Anchoring is a well known and researched behavioral bias that affects individuals when trying to make an assessment or a prediction, for example, about an unknown future quantity or probability. Individuals begin from a starting reference to make a prediction, if the starting reference changes so does the prediction and this starting reference acts like an anchor curbing subsequent adjustments.
For example, if you ask a few individuals on a hot summer day “today, it feels pretty warm, what do you think the temperature is?

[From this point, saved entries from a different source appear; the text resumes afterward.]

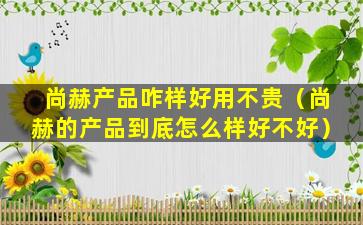 尚赫产品咋样好用不贵(尚赫的产品到底怎么样好不好)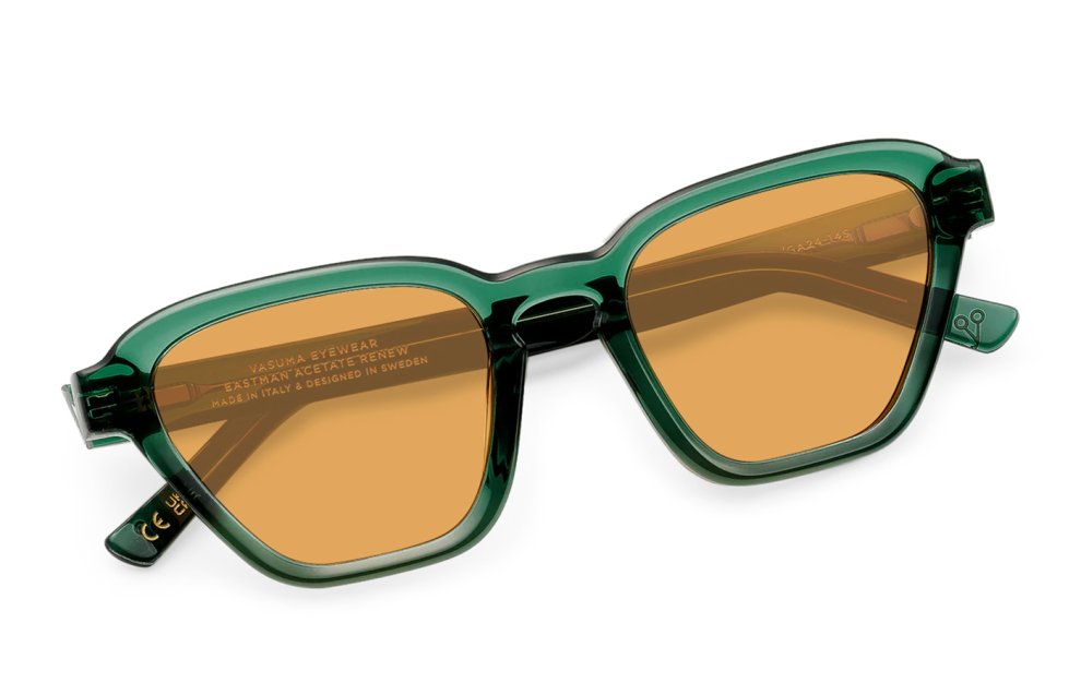 The frame has orange lenses 100% UV/UVB protect and is designed in Sweden and handmade in Italy.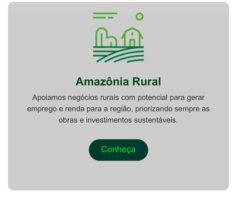 Ciente de seu compromisso com a Amazônia e suas populações, o Banco da Amazônia tem a sustentabilidade como razão de ser, com práticas tanto internas quanto externas que materializam esse comprometimento, e pode ser visto inclusive em suas práticas de financiamento que contemplam dentre muitas atividades, projetos de conservação e apoio da agricultura familiar e manejo florestal sustentável.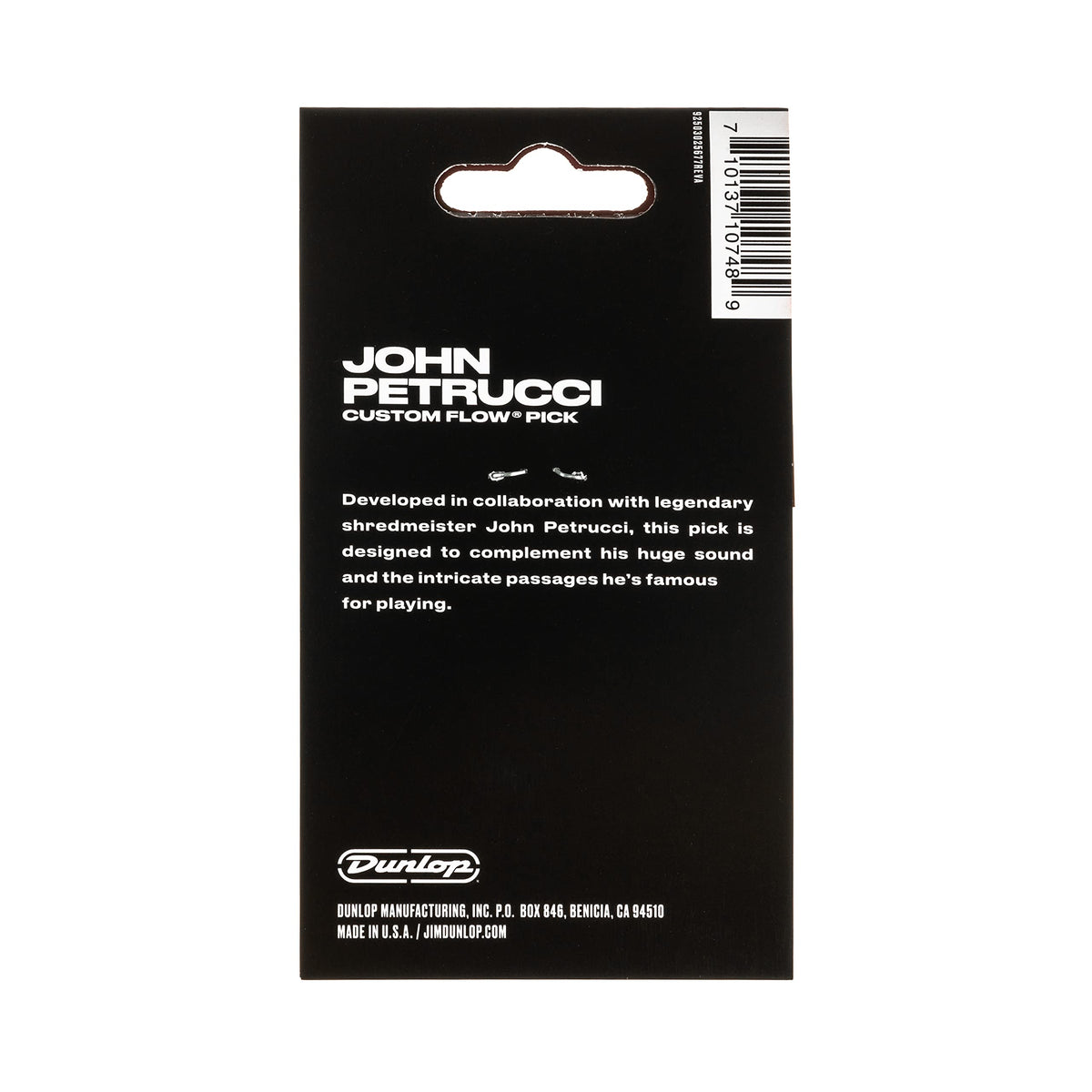 • Q: What are the dimensions of the Jim Dunlop John Petrucci Flow 2.0 mm guitar picks? A: The Jim Dunlop John Petrucci Flow picks are 2.0 mm thick, providing a sturdy feel for guitarists.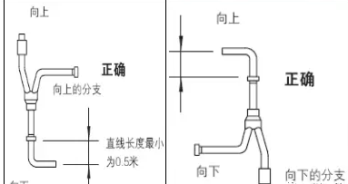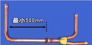6、接頭和端管的出、入口側均要求500mm以上的直管。否則容易引起冷媒偏流和冷媒流動噪音。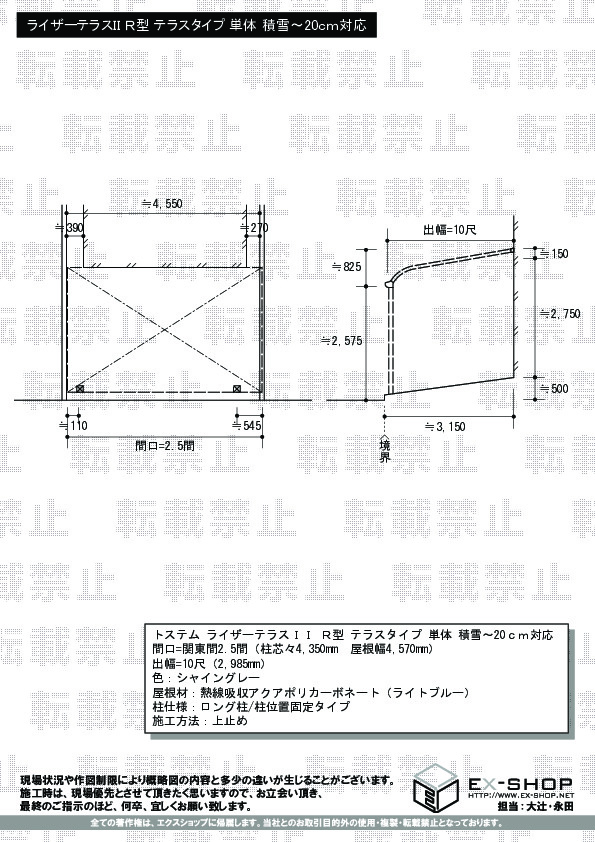 サイズ | 屋根幅 4,570mm 出幅 2,985mm |

I think it’s higher than 100° F (38° C)”. Unless all of them check it on a thermometer the answer you’re very likely to get changes as you change your starting reference of 100° changes: if you provide a higher ‘anchor’ you’ll get a higher average estimate and ceteris paribus if you supply a lower ‘anchor’.
During 180 training sessions held by me between January 2009 and June 2010 I collected a data sample of performance estimates provided by financial advisors who were asked to “assess reasonably your customer average performance during 2008: was it any different from a loss of 60%”. The following training session I asked the same question changing only the anchor, instead of a 60%-loss I used 40%-loss. A part from the fact these performances are extreme, the average result I got was expectedly, though little significant from a statistical point of view, what researchers have found out since the seventies (Kahneman and Tverski among the first ones).
Let’s pull off an informative plot of my data sample using R. The data contained in Anchoring.csv have been tweaked to demarcate the difference between the two anchors.
Let’s import the data in a data frame and have a look at the first 6 lines in it.
dat <- read.table(file = "Anchoring.csv", header = TRUE, sep = ";", dec = ",") head(dat)
## Low.40 High.60 ## 1 -0.06715 NA ## 2 0.01467 NA ## 3 -0.05461 -0.03835 ## 4 -0.04103 -0.09547 ## 5 -0.12915 -0.16800 ## 6 -0.10425 -0.15439
What we want is to plot the densities of these two distribution and compare them. Reshape2 provides the ‘melting’ function to adequately plot the distribution using ggplot2.
We get the ‘molten’ data, and see what the data frame now looks like.
dat <- melt(dat, measured = 1:2)
## Using as id variables
## variable value ## 1 Low.40 -0.06715 ## 2 Low.40 0.01467 ## 3 Low.40 -0.05461 ## 4 Low.40 -0.04103 ## 5 Low.40 -0.12915 ## 6 Low.40 -0.10425
## variable value ## 179 High.60 -0.21474 ## 180 High.60 -0.13529 ## 181 High.60 -0.10098 ## 182 High.60 -0.23979 ## 183 High.60 -0.03833 ## 184 High.60 -0.14894
Let’s load plyr and ggplot2 to perform respectively a simple summary statistic (the mean) and fot the actual plot.
Summarize is an interesting summary function for our task at hand.
ddply(dat, .(variable), summarize, per_mean = mean(value, na.rm = TRUE))
## variable per_mean ## 1 Low.40 -0.06223 ## 2 High.60 -0.12256
The following plot shows how relevant anchoring can be…
qplot(data = dat, value, geom = "density", fill = variable, alpha = I(0.2))
## Warning: Removed 2 rows containing non-finite values (stat_density).
As written before, these data have been tweaked to demarcate better the difference in the two distributions, though our little experiment points to the conclusions reached by others, I think it was an interesting confirmation of what we know about this powerful tool we, as individuals, unfortunately rely on extensively.